GREENVILLE, N.C. (WNCT) — East Carolina University is a huge part of Greenville culture. A professor in religious studies who founded the program has made a big impact in many ways in the academic and political communities.
“I came to East Carolina [University] in 1985, I’m one of those professors who came for a year or two and ended up staying forever,” said Calvin Mercer, a Pitt County native.
Mercer has been a professor of religious studies at ECU since. The religious studies program holds an annual distinguished lecture on religion and culture each fall. Everyone is welcome to attend and listen to the multiple special guests speak.
“We have a diverse faculty and, particularly in our religion majors, we have diversity,” Mercer said. “Some students are students of faith and some are not. Our courses are useful, I think, to all students. They apply them to their own situation.”

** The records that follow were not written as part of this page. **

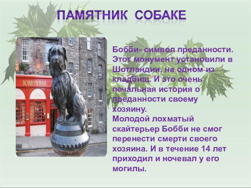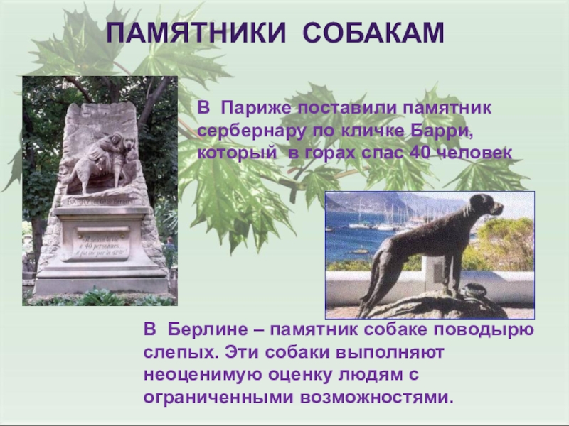 В Берлине – памятник собаке поводырю слепых. Эти собаки выполняют неоценимую оценку людям с ограниченными возможностями.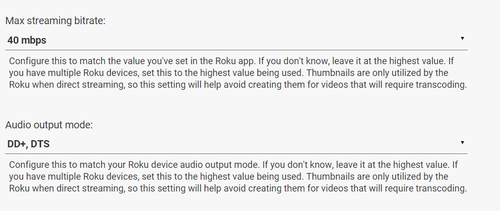 kingstonian 1 Posted December 2, 2015 Author Posted December 2, 2015 Correct. you only get bif files for content the roku will direct play, because roku will not use the bif when transcoding is used. What are your following setting's? Same as yours..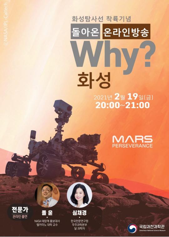 국립과천과학관(관장 이정모)은 2021년도 새 학년 진급을 준비하며 방학을 보내고 있는 청소년들을 위해 과학토크 온라인 방송 ‘돌아온 Why? 화성’을 2월 19일 오후 8시에 진행합니다.
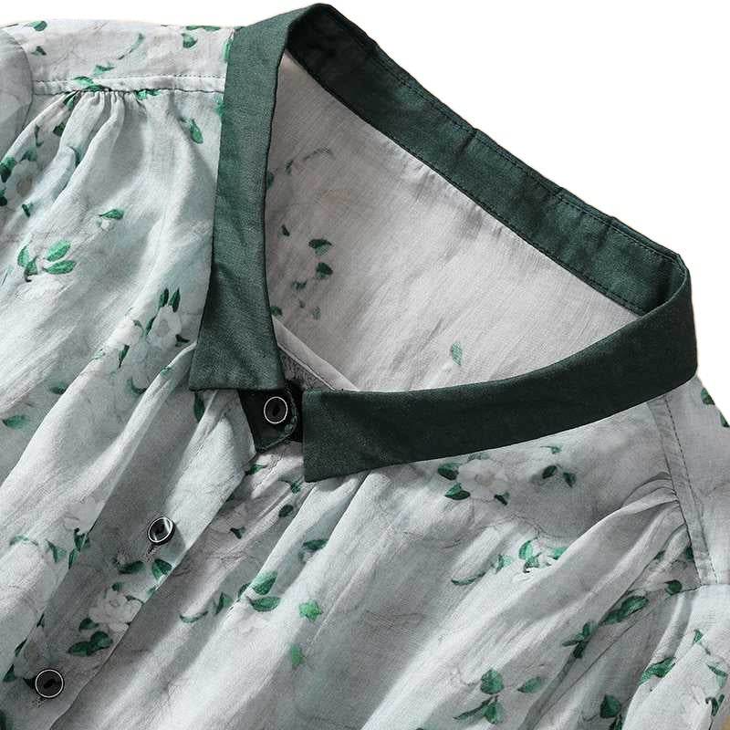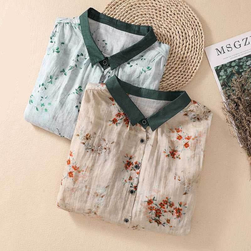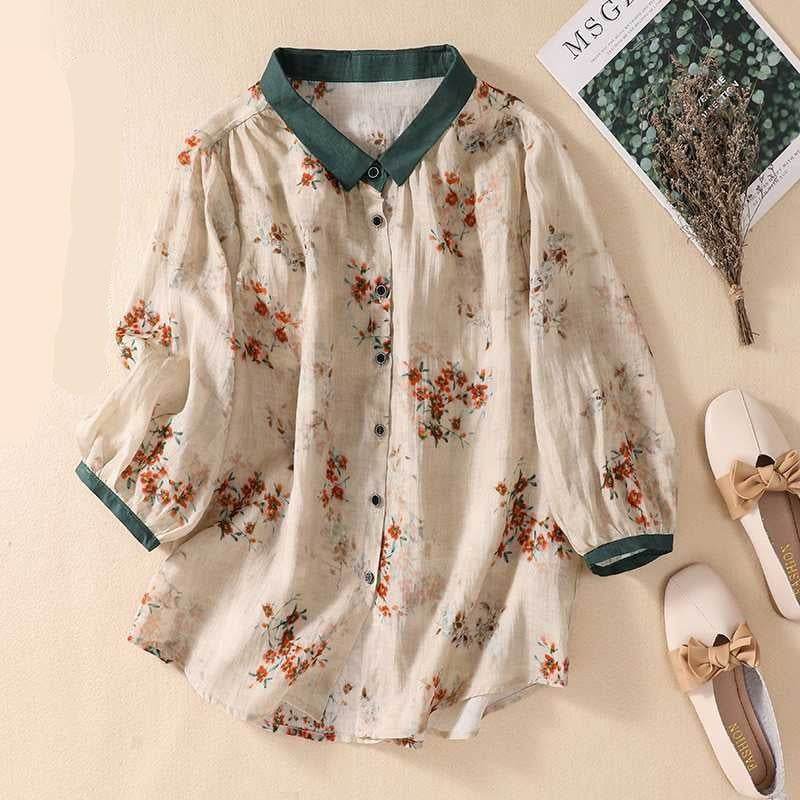 Cotton And Linen Top Women's Loose Printed Linen Shirt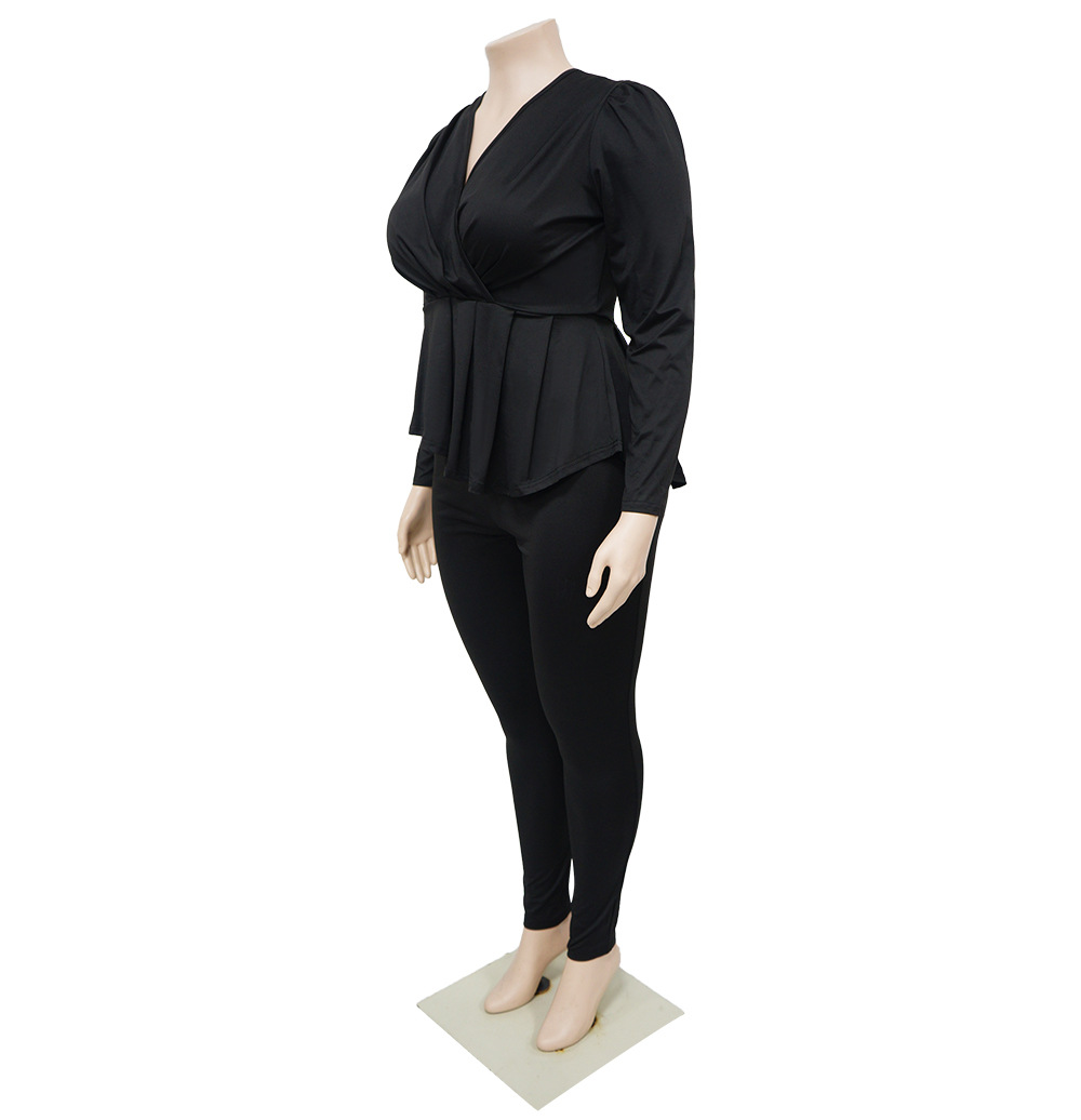 Plus Size Women's Deep V-neck Long Sleeve Pencil Pants Suit

When it comes to the hard parts of teaching religion, Mercer has had a lot of experience assisting his students.
“One of the great pleasures of my teaching religion at ECU through the years has been to work with students who are examining their own religious faith and kind of looking at that and grappling with it, learning more about the history of their scriptures, and working with them as they work through sometimes, I call it a crisis of faith,” Mercer said.
Mercer said he still seems to very much enjoy his chosen path in life.
“I grew up in a conservative Protestant church, so I understand where students are coming from,” Mercer said. “To give them the opportunity to explore their religious pilgrimage has been one of the great honors and privileges of my work at ECU.”
Mercer has published nine books, 30 scientific articles and a children’s book. Some of his work is on a special type of research.
“Are you ready for this?” Mercer said with a smile. “The religious and social implications of radical human enhancement technology. By that I mean, radical enhancement of physically, cognitively, affectively, emotionally, even morally and spiritually enhancement using breakthrough therapies and technologies like genetic engineering, robotic, and artificial intelligence.
“If we don’t think through these things they will take us by surprise.”
Not only does Mercer have a doctorate in religious studies, he also has a degree in psychology and has practiced for over a decade. He worked for 10 years, part-time, in a local psychiatry office doing testing and therapy.
“As a faculty member at ECU, many years ago I started taking a course a semester out of interest in clinical psychology,” Mercer said. “After several years my major professor, Thomas Durham, who is retired now, said ‘You know, Calvin you can actually finish this degree.’ so I did, I finished it.”
Mercer holds not one, but two degrees. He also has over a decade of experience in local politics.
“It takes tough skin,” Mercer said. “Greenville is a growing city and in a growing city, development issues are at the heart, zoning, development, land use. I was plunged right in the middle of all of those local controversies.”
Mercer said because of his political background and at the insistence of his friend, he wrote a children’s book titled “There Ought to Be a Law: A Bright Day at the State Capitol.”
When Mercer was asked if he wanted to add anything, he brought up one very important subject.
“I just love my dog. My dog’s name is Shanti which is a Sanskrit word for “peace.” When we got him he was wild … I named him Shanti in the hopes that he would grow into his name, and he has,” Mercer said.